Inspiration
Surgical site infections affect roughly 1 in 24 hospital patients, and most are preventable. Semmelweis figured out that handwashing saved lives in the 1840s and was laughed out of medicine for it. Lister was dismissed too. Thousands died waiting for the medical establishment to accept something that turned out to be simple. We have the protocols now — but compliance is still tracked manually, by people, under pressure, in environments where shortcuts happen.
One of our team members read about a case where a post-op infection was traced back to a break in scrub protocol that nobody caught. The surgeon thought every step was done. The checklist was signed. The patient still got infected — not because anyone was careless, but because the whole system relied on memory and self-reporting. That story stuck with us. We wanted to build something that never forgets a step, never assumes, and never lets something that critical slide by unverified.
What it does
ScrubAI listens to a surgeon as they wash their hands and checks off each step as it's spoken out loud. The surgeon just says what they're doing, like 'scrubbing between fingers', and the system understands it, even with accents or mumbling. It tracks progress through all 18 steps, and when they say 'done,' it reports exactly what was completed, what was missed, and whether they're cleared to enter the operating room.
The system transcribes speech offline using OpenAI's Whisper model and matches it to the correct step using three layers at once: keyword matching, AI embeddings for meaning, and fuzzy matching for errors. Saying 'taking off my bracelet' correctly identifies the jewelry removal step even though those exact words aren't in the protocol. If a match isn't confident enough, the system asks the surgeon to rephrase instead of guessing. Everything shows up on a screen in real time — the matched step, the confidence level, and current progress — readable even with wet hands.

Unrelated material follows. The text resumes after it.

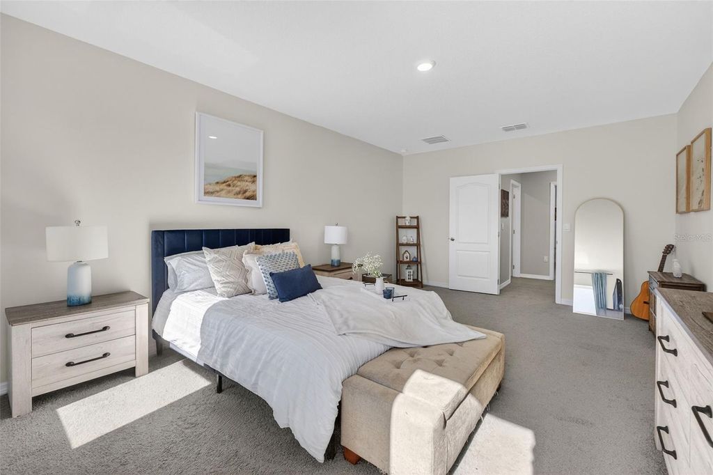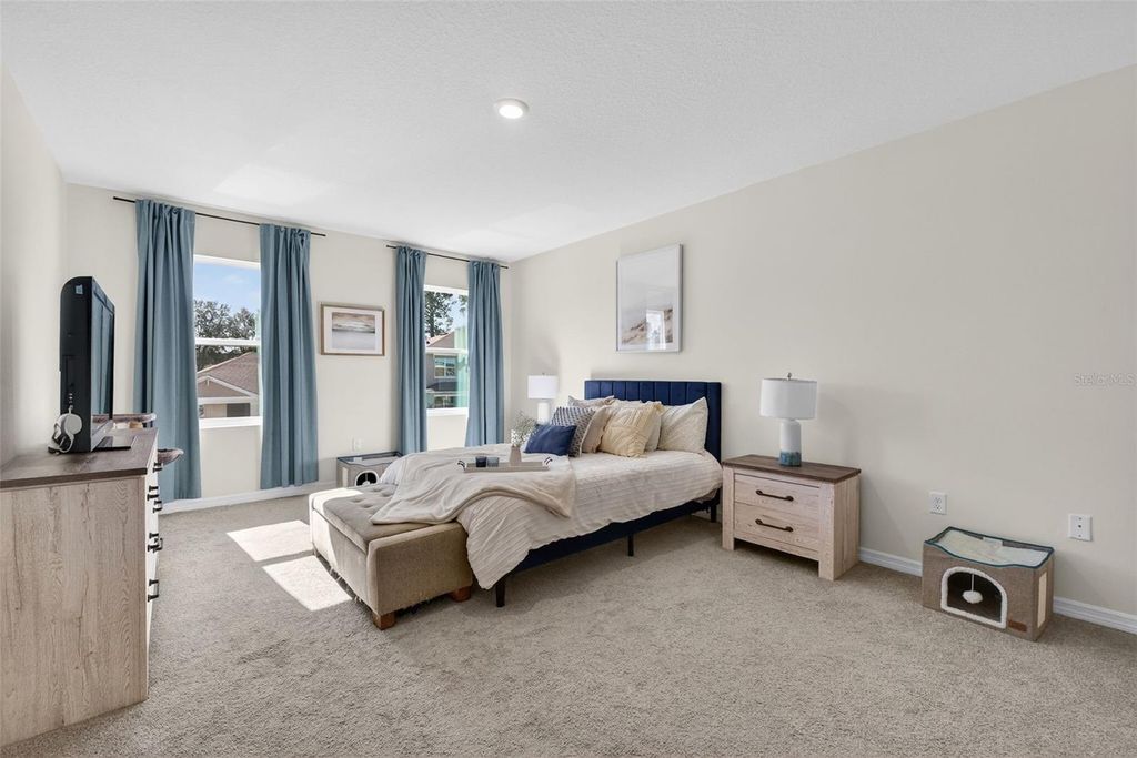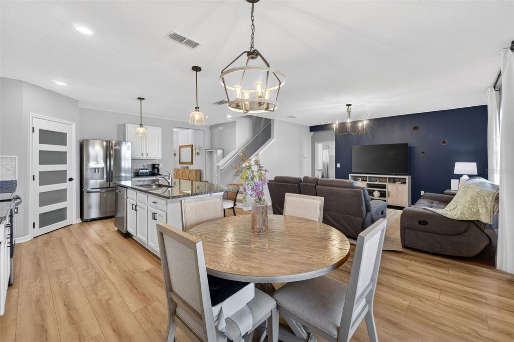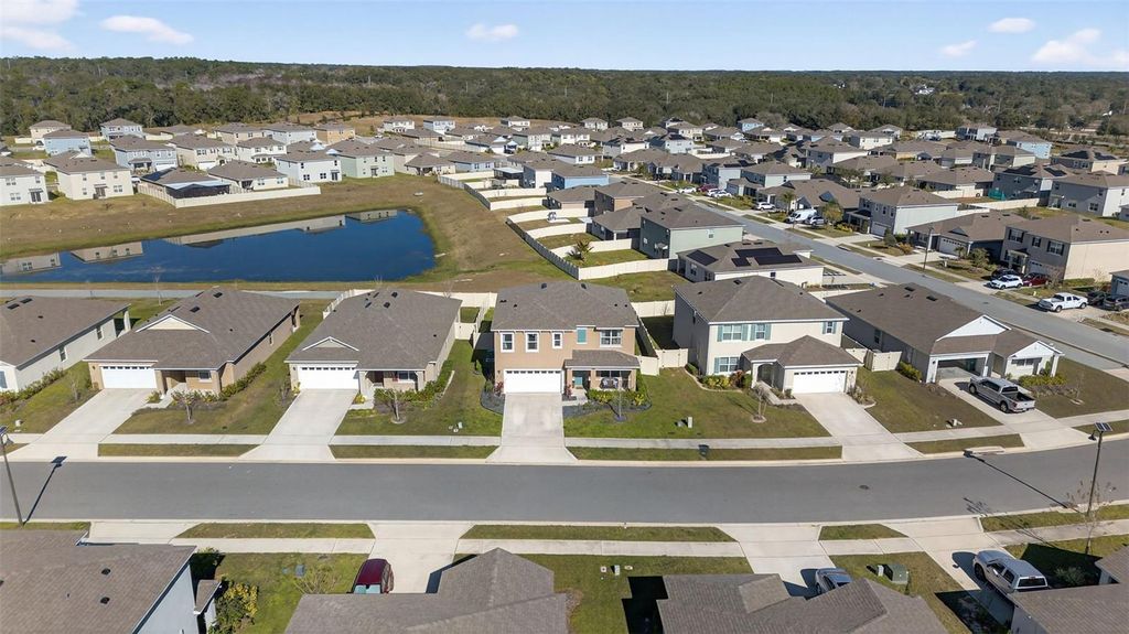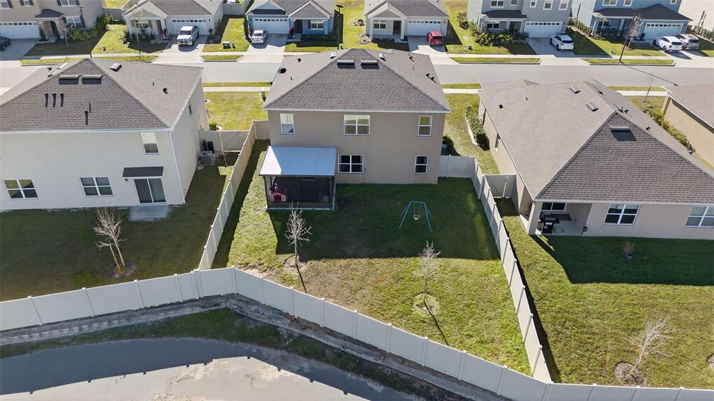 Community pool, no rear neighbors, and just 10 minutes to Downtown Mount Dora! This move-in ready 5 bedroom, 3 bathroom home built in 2023 is located within walking distance (.3 mi) to Round Lake Charter School, only 3.5 miles from the shops, restaurants, and waterfront charm of Downtown Mount Dora, and just one stoplight from 429 highway access for an easy 35-45 minute commute to Orlando. Relax on the screened in lanai overlooking the fully fenced backyard, offering a peaceful outdoor space with added privacy and no homes behind you. Inside, the home has been thoughtfully upgraded with luxury vinyl plank flooring on the main floor and a stylish kitchen backsplash that adds character to the heart of the home. The flexible floor plan features five true bedrooms and three full bathrooms, ideal for working from home or multi-generational living. A downstairs bedroom and full bathroom provide additional flexibility for a home office or private living space. With several upgrades already complete including flooring, fencing, and the screened lanai, this two-story block construction home offers the opportunity to enjoy nearly new construction without the wait.
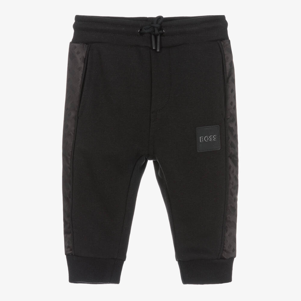 Mini-me black joggers for little boys by BOSS, made in a soft mid-weight cotton-blend jersey. Casual and comfortable, they have side seam pockets, stretchy ribbed cuffs and an elasticated waistband with drawstring ties for an adjustable fit. For a distinctive look, they have silky side panels patterned in the designer's tonal Monogram logo, with a branded logo patch on one leg completing the designer look.

On top of the voice system, ScrubAI also uses a camera that monitors the sink zone and uses optical flow analysis to detect scrubbing motion. If the motion strength exceeds a threshold and that pattern is detected, the system confirms active scrubbing is occurring.
How we built it
We built the system in Python across three layers. The first captures audio from the microphone and detects when someone is speaking. The second runs OpenAI's Whisper model locally to transcribe speech with no internet needed. The third is our custom ScrubChecker engine, which checks the transcribed text three ways at once: exact keyword matching, AI embeddings to understand meaning, and fuzzy matching to catch mumbled or mispronounced words. The clinical protocol lives in a JSON config file, so the procedure can be updated without touching any code.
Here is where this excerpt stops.